Machine Learning Concepts: Supervised, Unsupervised & Models

Unit 4: Machine Learning

1. Supervised Learning

Supervised learning is a machine learning approach in which the model is trained using labeled data. Each training example has an input and a corresponding correct output. The goal of the model is to learn a relationship or mapping between input features and the target output, so that it can predict outcomes for new unseen data.

Important Points

  • Involves classification (output is a category) and regression (output is a number).
  • The learning process is guided by comparing predicted output with actual output.
  • Algorithms include: Linear Regression, Logistic Regression, Decision Trees, SVM, Naive Bayes, Neural Networks.
  • Used in spam detection, credit scoring, medical diagnosis, and price prediction.

2. Unsupervised Learning

Unsupervised learning deals with unlabeled data, where the system tries to discover hidden patterns or structures without predefined outputs. The model groups or organizes data based on similarities.

Important Points

  • Mainly used for clustering, dimensionality reduction, and pattern discovery.
  • Helps in understanding natural groupings in data.
  • Common algorithms: K-Means Clustering, Hierarchical Clustering, PCA, Association Rule Mining.
  • Applications include customer segmentation, anomaly detection, and market basket analysis.

3. Decision Trees

A decision tree is a supervised learning algorithm used for both classification and regression. It represents decisions in a tree-like structure, where internal nodes represent tests on features, branches represent outcomes, and leaf nodes represent final decisions.

Important Points

  • Splits data based on measures like Gini index, Information Gain, or Entropy.
  • Easy to understand, interpret, and visualize.
  • Can handle numerical and categorical data.
  • Used in credit approval, medical diagnosis, fraud detection, and risk analysis.
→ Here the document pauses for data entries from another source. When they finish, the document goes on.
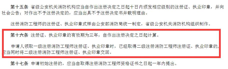 公安部143号令:更明确了一级消防工程师、二级消防工程师地位;注册证、执业印章的有效期为三年,自作出注册决定之日起计算;且不得同时在两个以上消防技术服务机构,或者消防安全重点单位执业;更是印证了二级消防工程师的重要性;
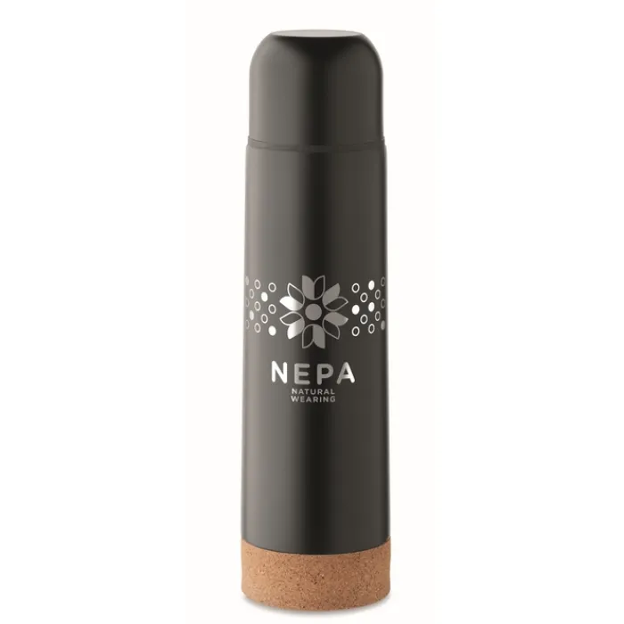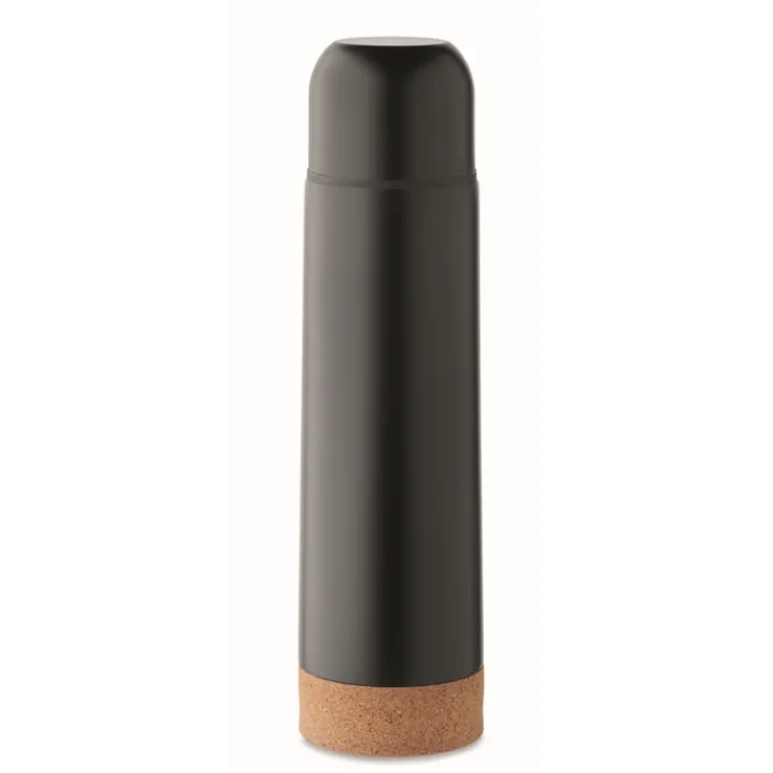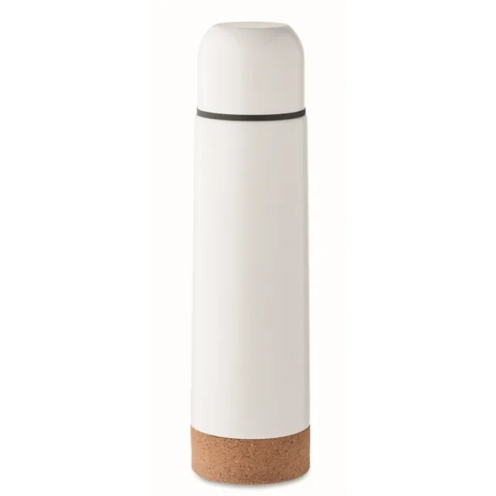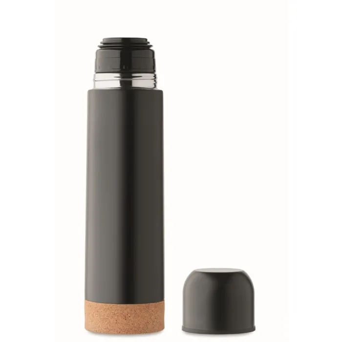 Thermos a doppia parete con isolamento sottovuoto in acciaio inossidabile riciclato con base in sughero. Tappo antifuga. Capacità: 500 ml.
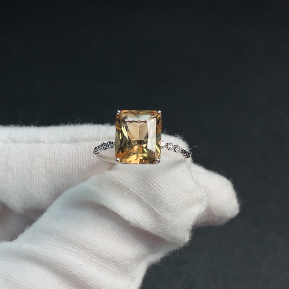 18K Beryl Ring (Color Origin Undetermined) with Diamond Accents, Total Weight Approx. 1.57g, Size 13
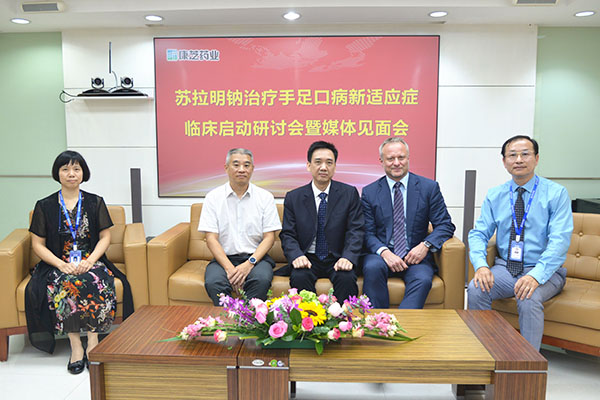9月19日,專注兒童大健康的上市公司康芝藥業(yè)召開“蘇拉明鈉治療手足口病新適應(yīng)癥臨床啟動研討會暨媒體見面會”,國際知名RNA病毒學(xué)專家、蘇拉明鈉治療手足口病新適應(yīng)癥發(fā)明人RalfAltmeyer教授,廣州兒童醫(yī)院楊思達(dá)主任,康芝藥業(yè)副董事長兼副總裁洪麗萍女士,康芝藥業(yè)首席科學(xué)官辜列先生等來自德中兩國的相關(guān)專家及企業(yè)代表共同參加了研討會,共同探討推進(jìn)蘇拉明鈉新適應(yīng)癥的研發(fā)。
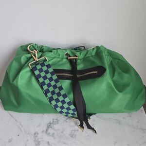 AhDorned, Kelly Green Designer Inspired Drawstring Nylon Crossbody Bag Tote
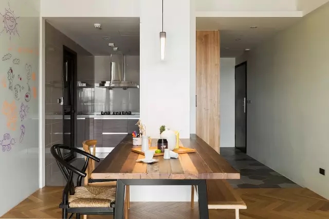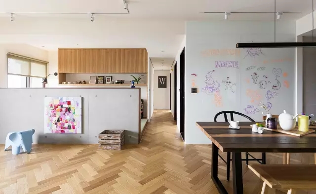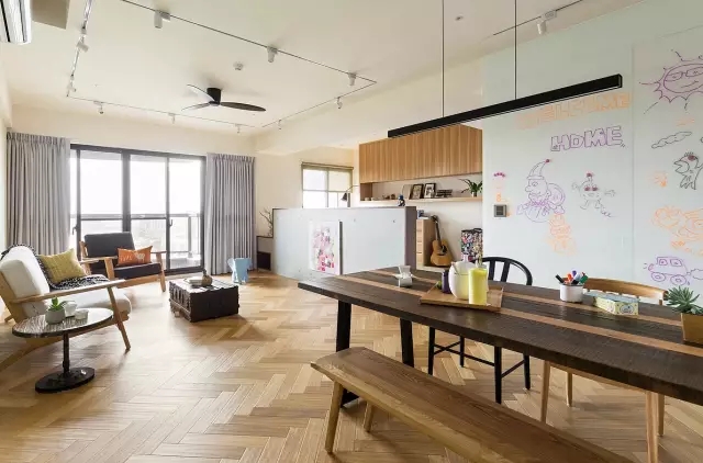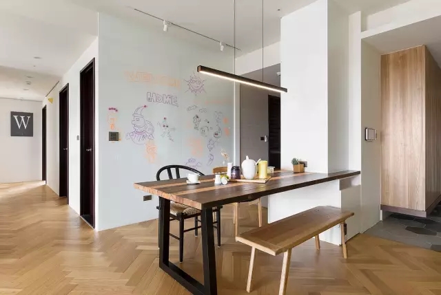背景的白板是給孩子準(zhǔn)備的繪畫墻
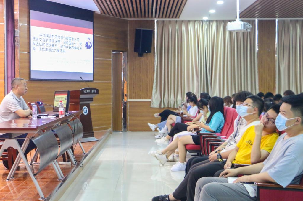 为深入学习贯彻习近平总书记关于民族工作的重要论述,认识铸牢中华民族共同体意识的现实意义。6月24日晚,437437必赢国际网址于文荟楼模拟法庭组织开展了以“传承党的百年光辉史基因,铸牢中华民族共同体意识”为主题的专题讲座。自治区宣讲团成员、437437必赢国际网址院长吕耀军做了报告,学院本科生、硕士研究生三百余人到场聆听。
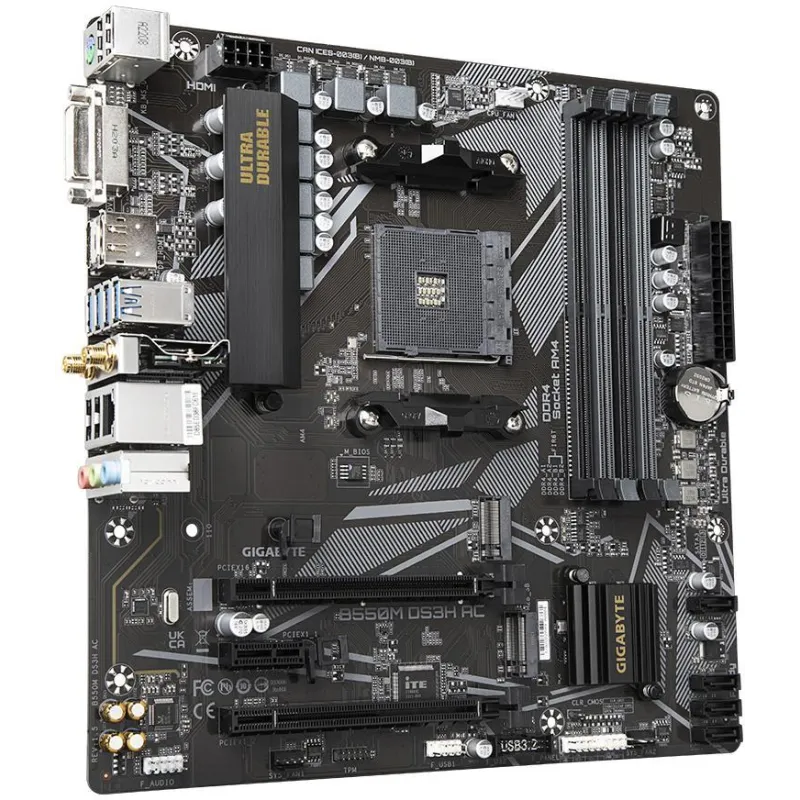 Placa Base Gigabyte B550M DS3H AC formato Micro-ATX, RAM de hasta 128 GB DDR4, conectividad 1 GbE, Bluetooth 4.2 y WiFi 5
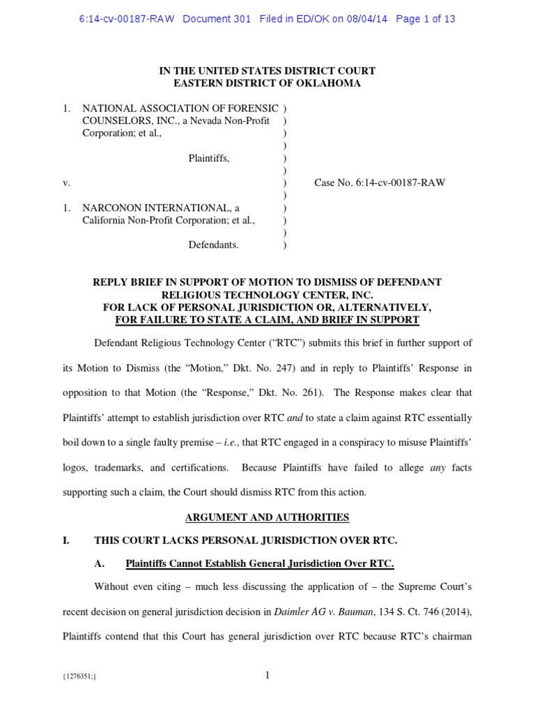 REPLY BRIEF IN SUPPORT OF MOTION TO DISMISS OF DEFENDANT RELIGIOUS TECHNOLOGY CENTER, INC. FOR LACK OF PERSONAL JURISDICTION OR, ALTERNATIVELY, FOR FAILURE TO STATE A CLAIM, AND BRIEF IN SUPPORT
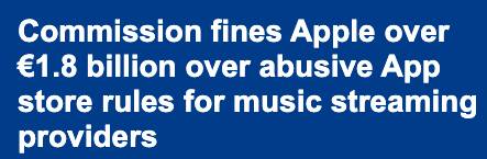 于是在 2019 年, Spotify 终于忍无可忍,就把苹果的三两事儿全捅到了欧盟衙门那,前两天罚 20 亿美元,正是这次上诉的处理结果。
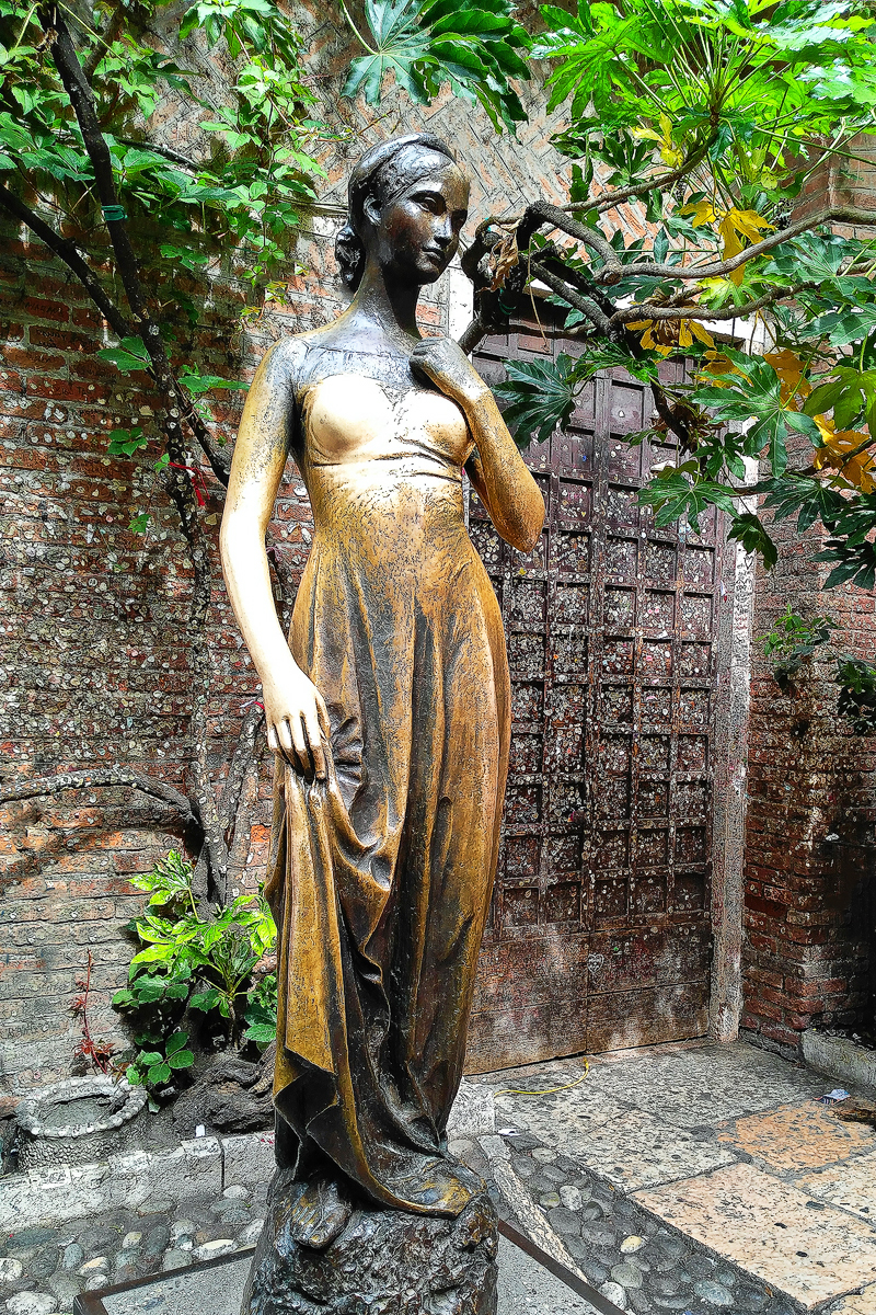 大门正面靠院墙是比真人略高大的朱丽叶的青铜塑像。青春妙龄的朱丽叶身材修长,她的眼神清澈委婉,含蓄幽怨,她的身后也布满了青藤。据传,手摸朱丽叶的右胸许愿,便可得到她真诚的祝福,使有情人终成眷属。游客们把这里当作“爱的圣地”,从世界各地慕名而来。
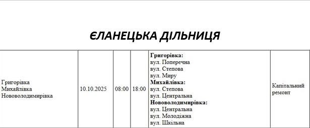 Графік відключення світла по адресах 10 жовтня, Єланецька дільниця. АТ «Миколаївобленерго»
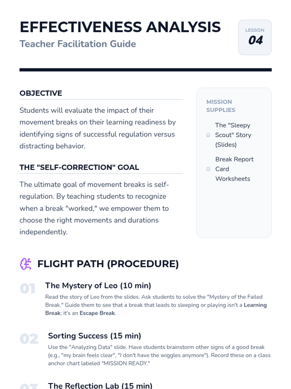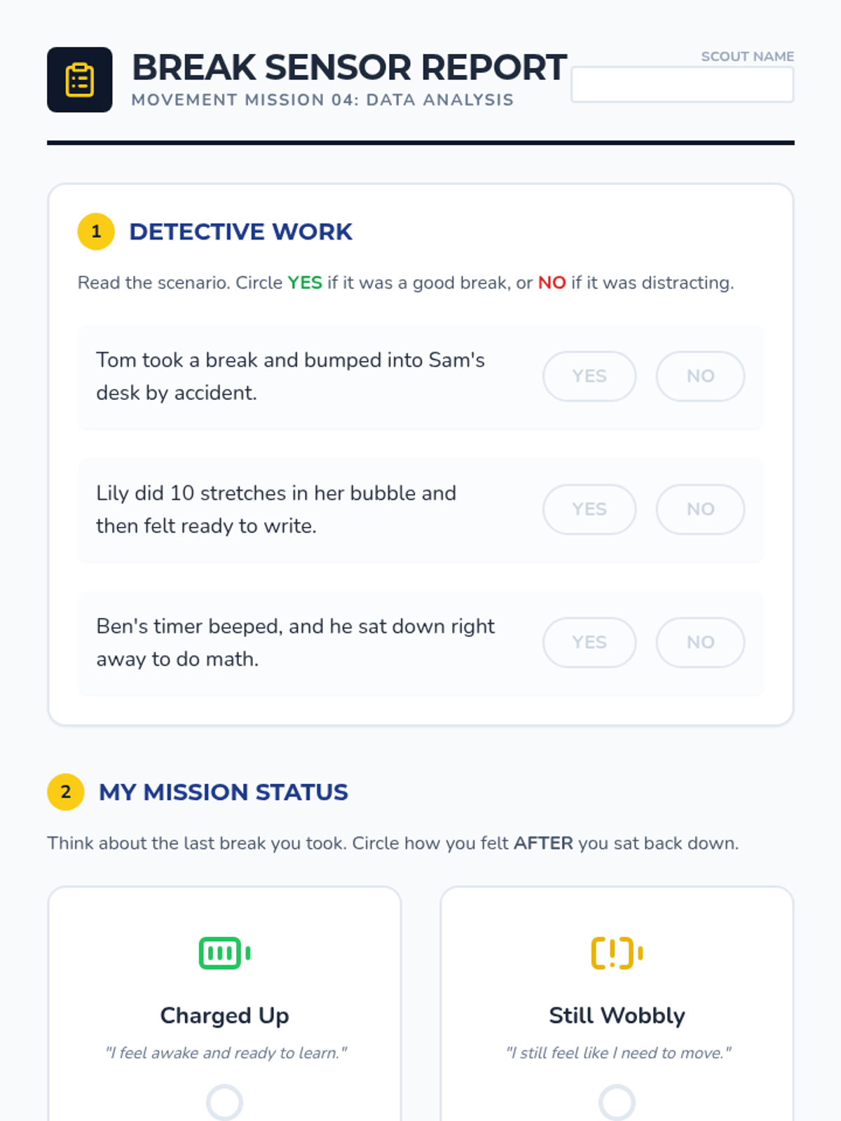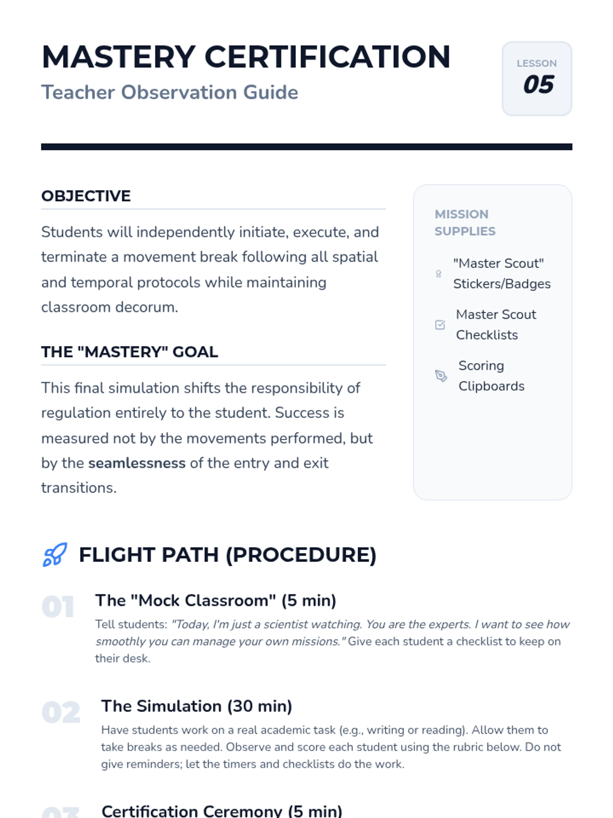A 5-lesson sequence for 2nd-grade students focusing on the logistics and social responsibility of movement breaks. Students learn spatial awareness, time management using timers, cool-down transitions, and self-reflection to ensure breaks are effective and respectful.

4. Statistical Learning Models

Statistical learning models use mathematical and probabilistic approaches to understand relationships between variables and make predictions.

Important Points

  • Provide a theoretical foundation for machine learning.
  • Focus on estimating functions that best describe the data.
  • Examples: Linear Regression, Logistic Regression, Bayesian Models, Hidden Markov Models.
  • Known for interpretability and strong mathematical backing.

5. Learning with Complete Data – Naive Bayes

Naive Bayes is a probabilistic classifier based on Bayes’ Theorem.

It assumes that features are independent of each other (naive assumption).

Important Points

  • Works well even with small training data.
  • Fast, simple, and effective for classification tasks.
  • Often used in spam filtering, sentiment analysis, document classification.
  • Computes the probability of each class and predicts the class with the highest probability.

6. Learning with Hidden Data – EM Algorithm

The Expectation-Maximization (EM) algorithm is used when some data is missing or hidden.

It is an iterative method to estimate unknown parameters of statistical models.

Important Points

  • E-step (Expectation): Estimates hidden or missing data using current parameters.
  • M-step (Maximization): Updates parameters to maximize the likelihood.
  • Repeats until convergence (values stop changing significantly).
  • Used in clustering (Gaussian Mixture Models), missing data problems, and hidden variable models.

7. Reinforcement Learning

Reinforcement learning is a type of machine learning where an agent learns by interacting with an environment. The agent performs actions and receives rewards or penalties. The goal is to learn a strategy that maximizes long-term rewards.

Important Points

  • Based on trial and error.
  • Uses concepts like states, actions, rewards, policy, and value functions.
  • Algorithms: Q-Learning, Deep Q-Network (DQN), SARSA.
  • Used in robotics, gaming (AlphaGo), self-driving cars, and recommendation systems.